Las Vegas is quickly becoming the “Rounding Down Capital of the World.”

It’s on the same list as CNF charges, service fees, venue fees, resort fees and myriad other barriers to fun.

It’s not just “stealing” pocket change, such practices are damaging the perception of Las Vegas as a value destination, and that change in perception is hurting tourism (not now, but that’s temporary, pent-up demand).

These policies may not be Earth-shattering individually, but Las Vegas casinos don’t need to make it easier for travelers to decide their local casino might not be Vegas, but it’s also not kicking them in the beanbags.

In layperson’s terms, this bullshit needs to stop, already.

It’s bad enough the ATM fee at Caesars Entertainment casinos is $9.99.

For the record, in Las Vegas, Caesars Entertainment owns Bally’s, Caesars Palace, Cromwell, Flamingo, Harrah’s, Linq, Paris, Planet Hollywood and Rio.

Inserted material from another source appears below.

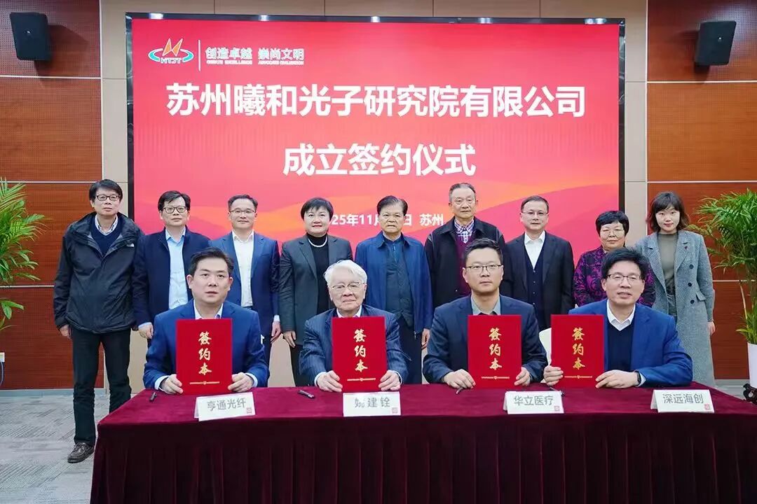 11月17日,中國科學院院士姚建銓團隊與江蘇亨通光電股份有限公司(以下簡稱“亨通光電”)簽約成立蘇州曦和光子研究院有限公司,正式落戶蘇州吳江太湖新城。

It appears all of these resorts now have their ticket redemption kiosks set to not provide change or TITO vouchers.

Yeah, we cashed in these receipts and they weren’t ours. We’re rebellious like that. Big thanks to several of our Twitter followers for letting us know about this nonsense.

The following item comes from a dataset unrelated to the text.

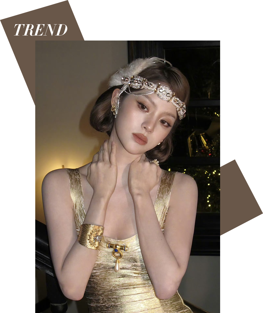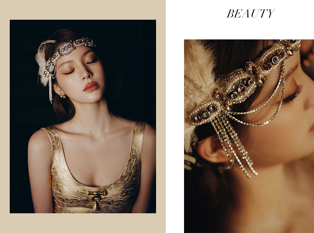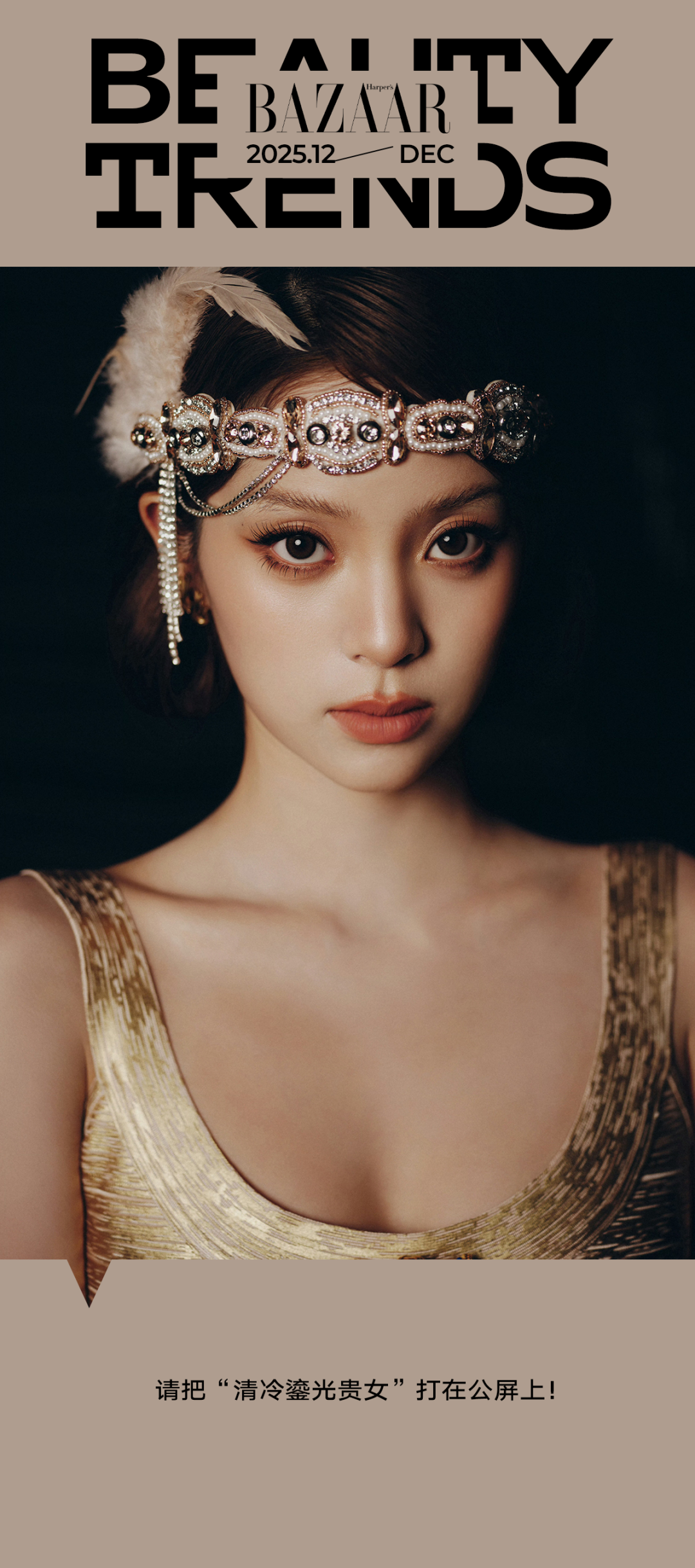 羽毛发饰配合金光闪闪的前额发带,衬得肩颈线条冷白如瓷;刚刚好垂至颧骨下方的金色耳环,和冷茶棕发色冷暖碰撞,把“贵气不艳俗”的分寸拿捏得刚刚好。

It’s also worth mentioning there’s no coin shortage in Las Vegas, so that excuse, however valid it may have been for a minute, is moot and insulting.

The decision to not give change is a cost-saving measure, plain and simple.

Coins are a pain in the ass, and involve additional labor, machine maintenance and other costs. It’s the same reason coins went away in slot machines. In this context, however, it’s unnecessary, short-sighted and ultimately detrimental to the guest experience, Caesars Entertainment casinos and Las Vegas overall.

Caesars Entertainment should either change the policy (give vouchers for change) or provide the option to donate the change to charity.

Big casino companies need to remove their earnings blinders and consider the bigger picture.

If people stop visiting, or visit less often, casinos will have been stepping over dollars to save pennies.